__PROBLEM TO SOLVE__: Return the stretch from the line with "从蔡姐的发文里,咱们不难推断出,黄慧颐与保剑锋的情谊于2007年末画上了句号。" through the line with "Informational brochure about" in the data below, character for character, skipping all pictures.

__ENTRIES SUPPLIED__:
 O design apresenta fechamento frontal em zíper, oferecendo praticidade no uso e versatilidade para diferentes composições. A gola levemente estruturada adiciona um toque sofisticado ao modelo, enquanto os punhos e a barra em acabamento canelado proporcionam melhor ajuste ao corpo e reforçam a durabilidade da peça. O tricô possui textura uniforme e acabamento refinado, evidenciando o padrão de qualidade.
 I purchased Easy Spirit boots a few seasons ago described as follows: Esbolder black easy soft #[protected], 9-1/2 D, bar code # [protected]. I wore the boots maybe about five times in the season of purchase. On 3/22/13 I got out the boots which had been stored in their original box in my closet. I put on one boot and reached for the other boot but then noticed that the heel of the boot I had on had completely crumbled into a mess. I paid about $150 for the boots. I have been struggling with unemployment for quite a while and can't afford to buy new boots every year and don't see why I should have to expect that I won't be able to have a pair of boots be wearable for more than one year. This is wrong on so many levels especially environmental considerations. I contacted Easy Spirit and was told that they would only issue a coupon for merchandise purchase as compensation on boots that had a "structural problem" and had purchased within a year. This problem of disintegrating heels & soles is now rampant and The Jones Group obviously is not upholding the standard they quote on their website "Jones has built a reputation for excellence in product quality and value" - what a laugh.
---
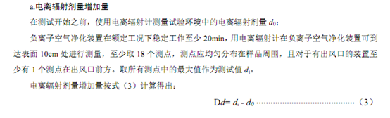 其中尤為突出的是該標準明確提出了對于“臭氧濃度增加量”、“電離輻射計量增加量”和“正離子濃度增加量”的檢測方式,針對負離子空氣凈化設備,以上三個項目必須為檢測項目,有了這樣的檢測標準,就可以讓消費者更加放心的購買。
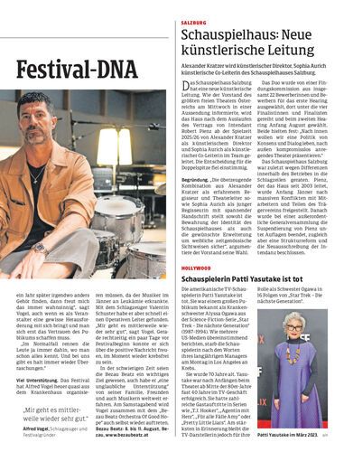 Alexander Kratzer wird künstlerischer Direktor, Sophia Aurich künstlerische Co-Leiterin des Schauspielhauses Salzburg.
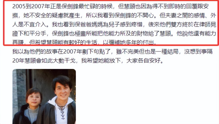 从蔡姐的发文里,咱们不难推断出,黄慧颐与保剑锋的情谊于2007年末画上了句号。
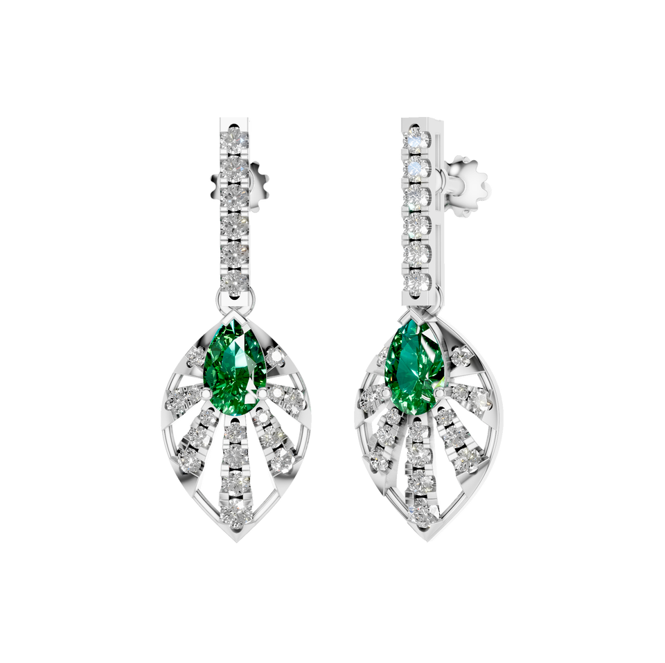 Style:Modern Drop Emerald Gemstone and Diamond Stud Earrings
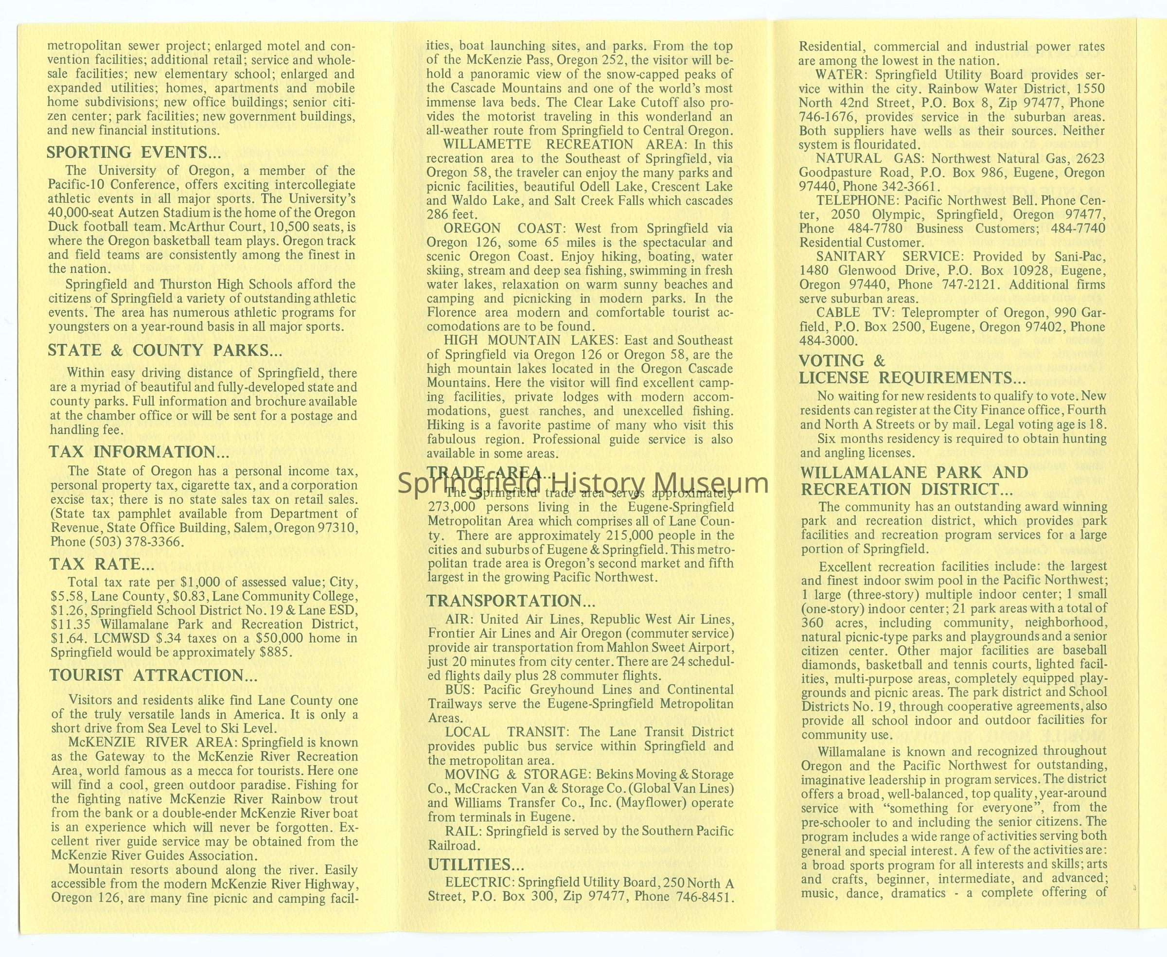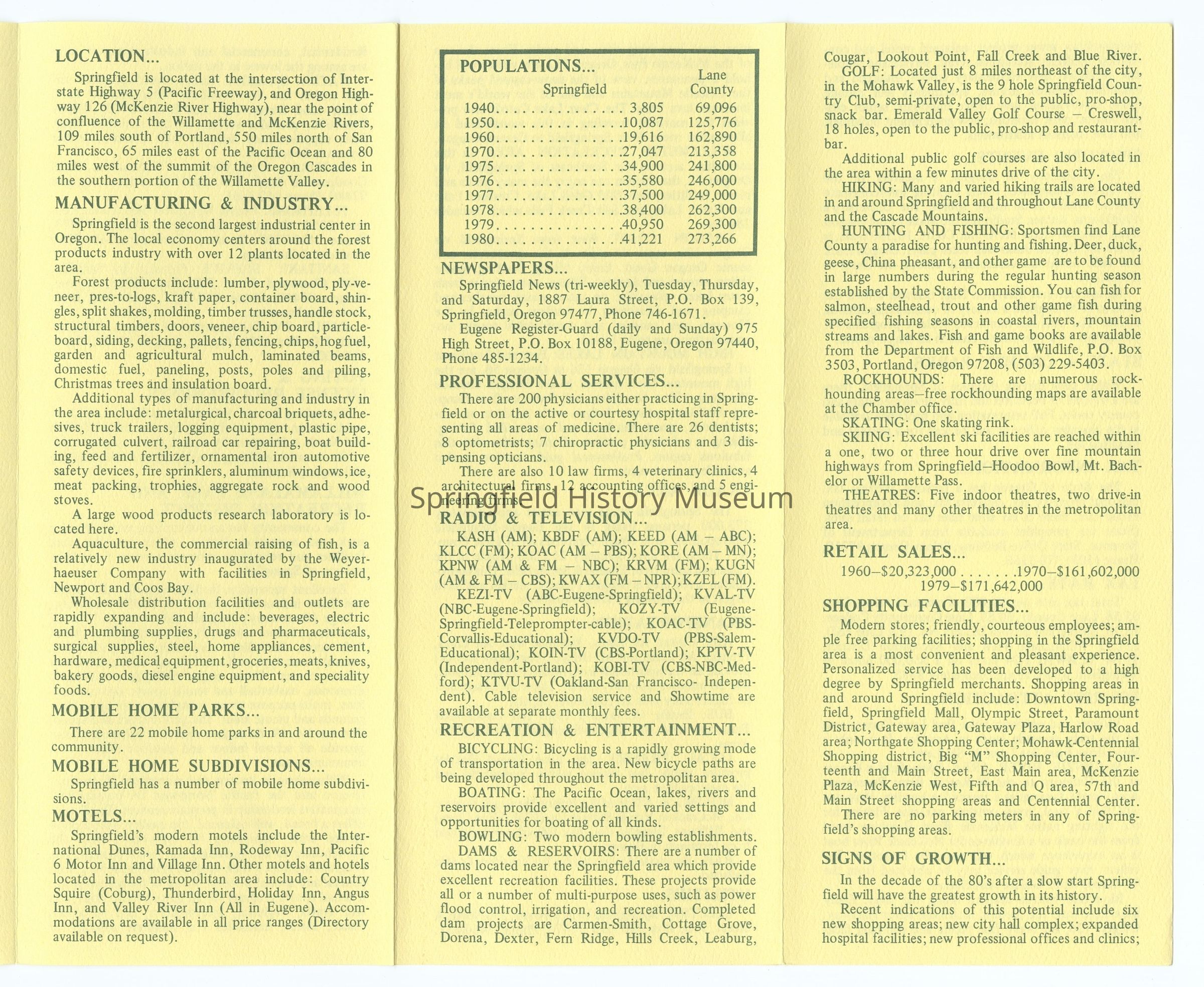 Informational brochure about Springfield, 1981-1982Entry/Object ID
---
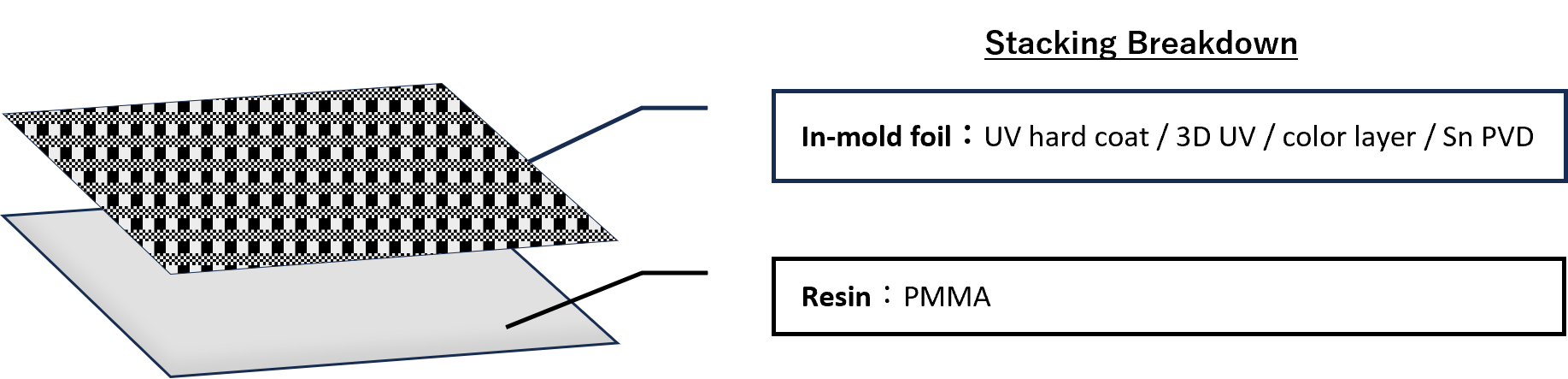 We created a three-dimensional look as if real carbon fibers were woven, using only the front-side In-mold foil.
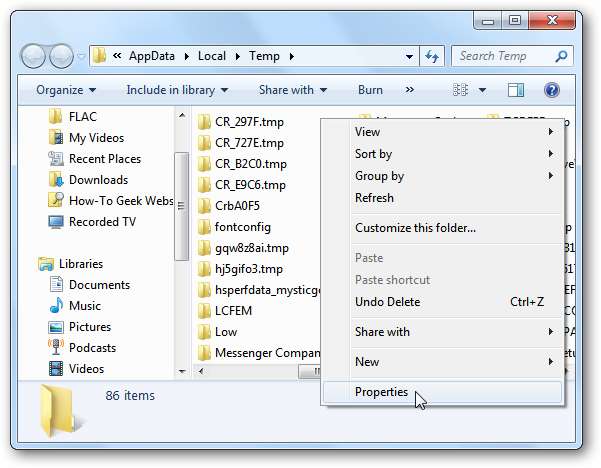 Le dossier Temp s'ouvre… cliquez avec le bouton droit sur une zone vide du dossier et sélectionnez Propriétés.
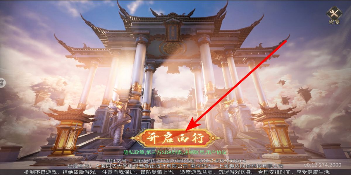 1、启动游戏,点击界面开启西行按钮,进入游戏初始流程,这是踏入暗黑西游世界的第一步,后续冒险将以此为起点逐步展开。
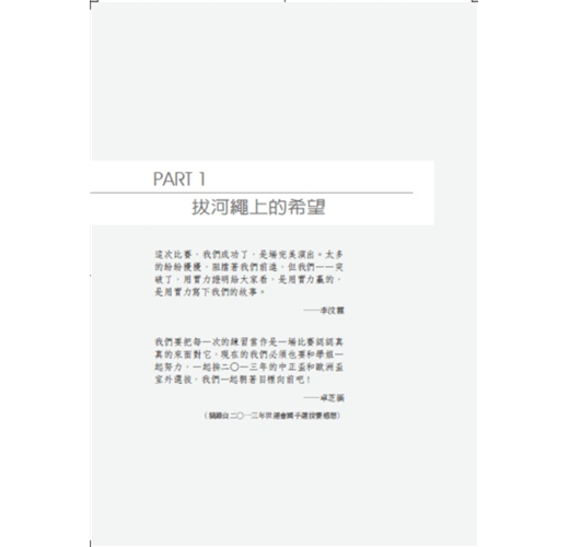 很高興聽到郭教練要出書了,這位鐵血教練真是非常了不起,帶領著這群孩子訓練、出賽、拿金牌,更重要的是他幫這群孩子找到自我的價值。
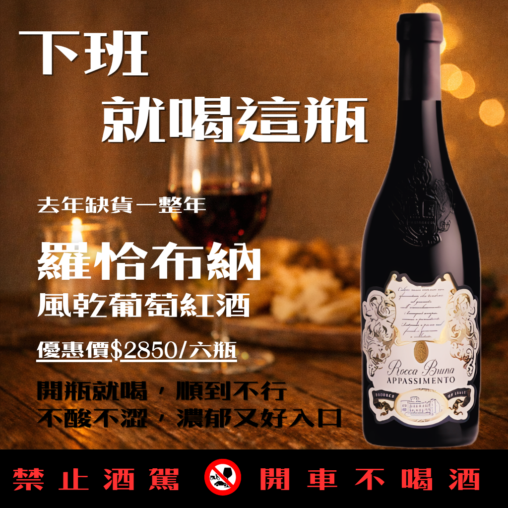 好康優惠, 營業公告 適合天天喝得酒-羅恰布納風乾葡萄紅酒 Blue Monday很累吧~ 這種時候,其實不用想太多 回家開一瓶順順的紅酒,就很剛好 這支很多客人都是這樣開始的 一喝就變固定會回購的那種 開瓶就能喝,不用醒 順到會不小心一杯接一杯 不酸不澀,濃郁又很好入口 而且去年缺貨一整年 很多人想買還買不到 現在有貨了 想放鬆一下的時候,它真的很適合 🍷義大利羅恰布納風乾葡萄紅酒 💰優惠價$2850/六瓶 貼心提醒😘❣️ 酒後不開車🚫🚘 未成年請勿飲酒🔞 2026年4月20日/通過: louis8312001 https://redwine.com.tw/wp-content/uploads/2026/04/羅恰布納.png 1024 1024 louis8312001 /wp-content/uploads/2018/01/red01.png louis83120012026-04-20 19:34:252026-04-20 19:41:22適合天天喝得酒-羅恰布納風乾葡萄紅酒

__TASK OUTPUT__:
 从蔡姐的发文里,咱们不难推断出,黄慧颐与保剑锋的情谊于2007年末画上了句号。
 Style:Modern Drop Emerald Gemstone and Diamond Stud Earrings
 Informational brochure about Springfield, 1981-1982Entry/Object ID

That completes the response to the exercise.